> _What you have to do_: Only the lines from the start of the data to the line containing "在近距离接触世界冠军环节,同", both included, should be output, exactly and without pictures.

> _Source material_:
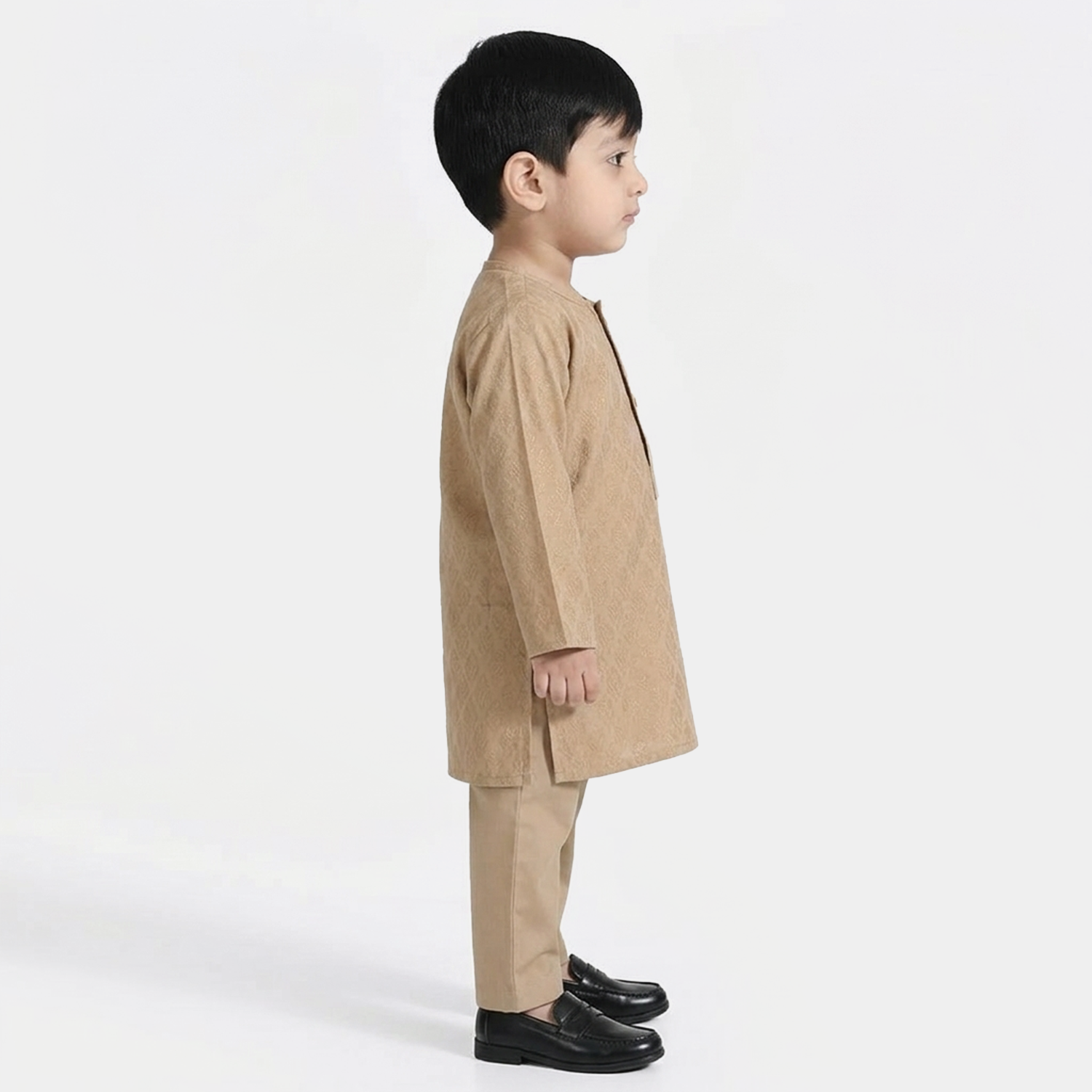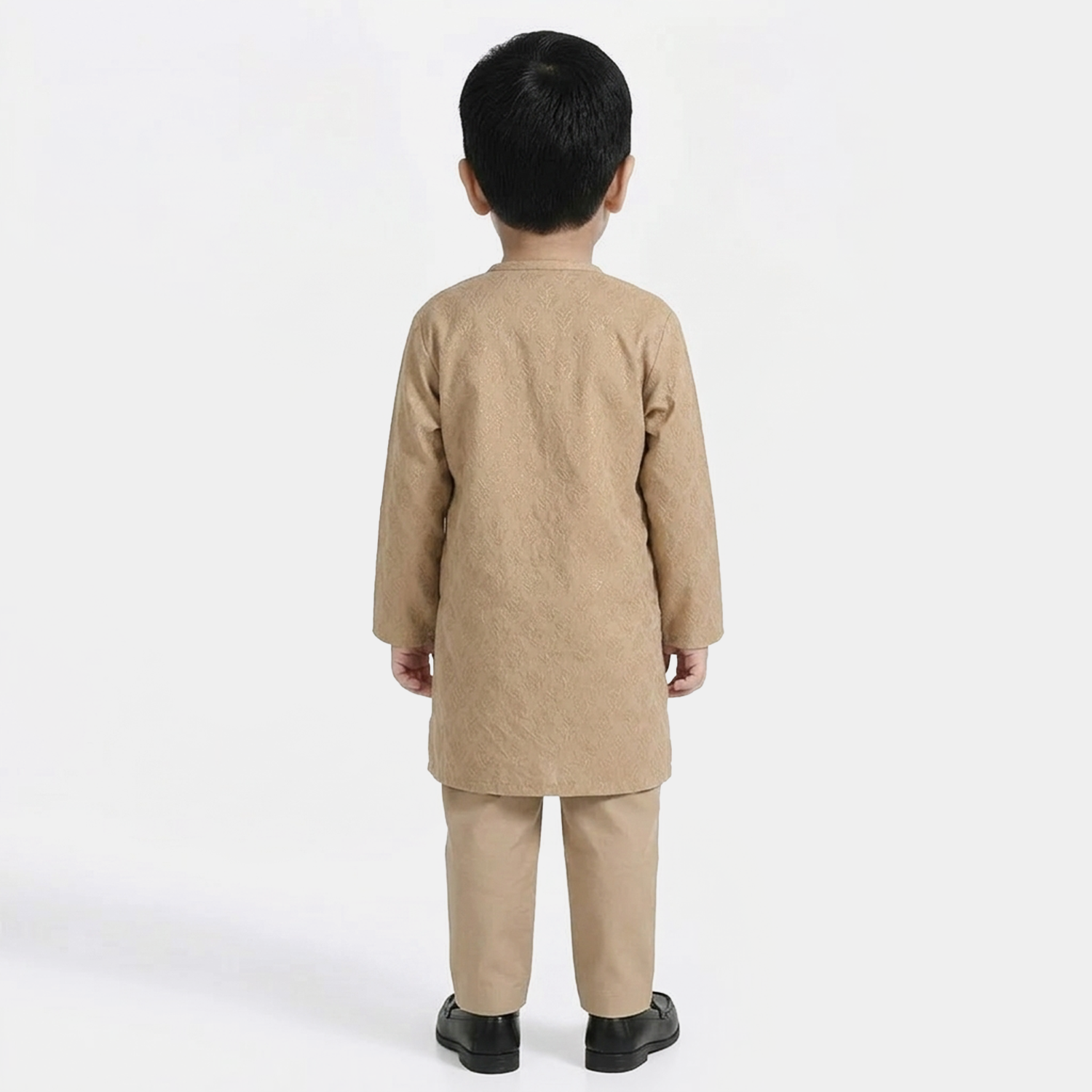 Infant boys' beige jacquard kurta pajama featuring a full-sleeve kurta and matching pajama, perfect for a stylish and comfortable festive or everyday look.
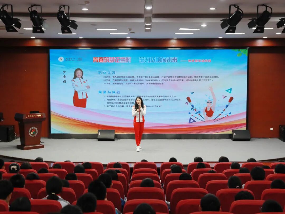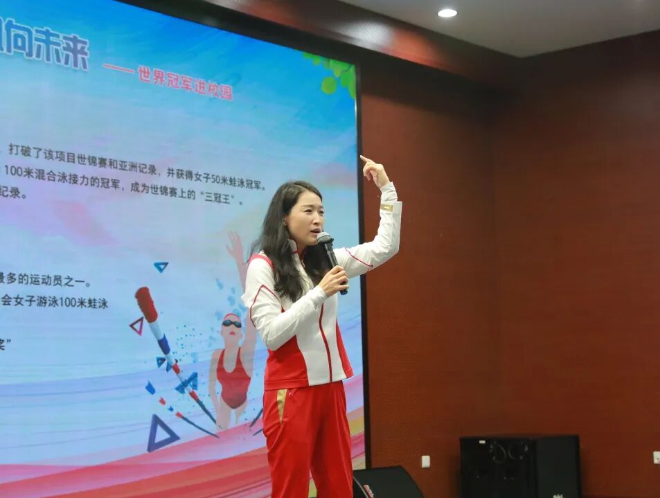 在近距离接触世界冠军环节,同学们认真聆听罗雪娟夺冠背后的故事,汲取榜样的力量。通过回溯个人成长轨迹,罗雪娟鼓励同学们在学习和生活中,要像在泳池中一样,勇敢地面对困难,坚持不懈地追求目标。
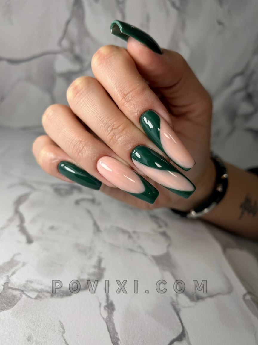 A coffin-shaped acrylic design features deep green waves over a nude base. This design combines boldness with subtlety through its 2025 art style that maintains straightforwardness. The long coffin shape creates a lengthening effect on the hands along with an attractive atmosphere perfect for oceanfront gatherings at nightfall. Complete the modern look with gold rings and stackable accessories.
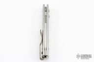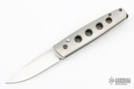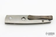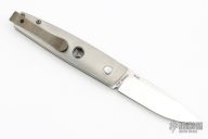 This auto by Zhu Homer features a spear point tumble finish blade with notched thumbrest. The handle has a milled titanium handle with bent titanium tip up clip. Comes with original box. Excellent condition.
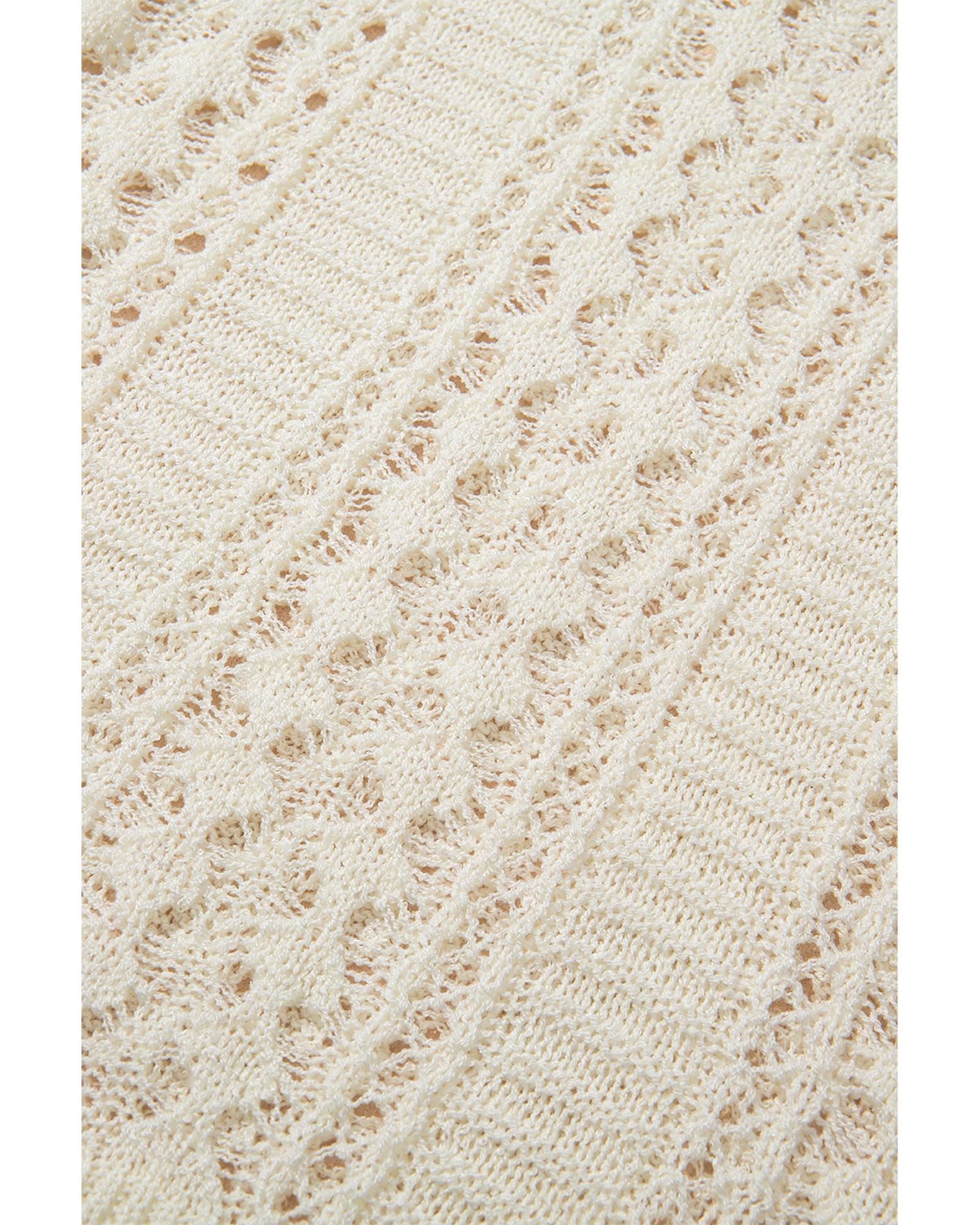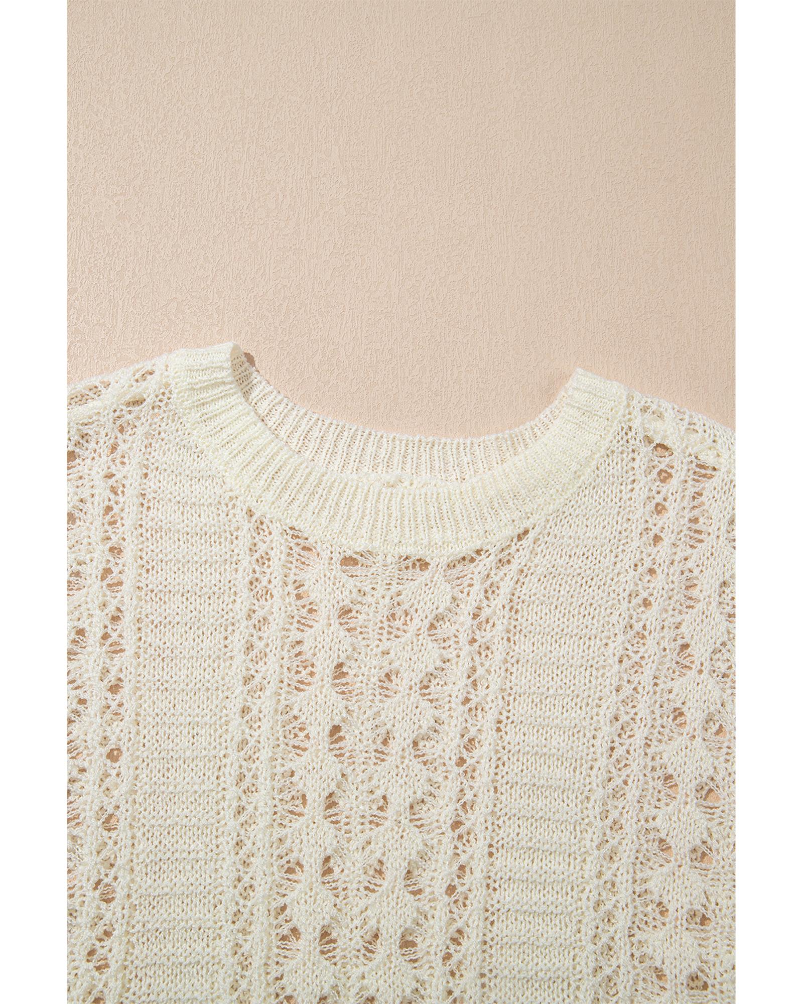 Azura Exchange White Hollow Out Knit Bracelet Sleeve Drop Shoulder Sweater – L

> _Completed exercise_:
 Infant boys' beige jacquard kurta pajama featuring a full-sleeve kurta and matching pajama, perfect for a stylish and comfortable festive or everyday look.
 在近距离接触世界冠军环节,同学们认真聆听罗雪娟夺冠背后的故事,汲取榜样的力量。通过回溯个人成长轨迹,罗雪娟鼓励同学们在学习和生活中,要像在泳池中一样,勇敢地面对困难,坚持不懈地追求目标。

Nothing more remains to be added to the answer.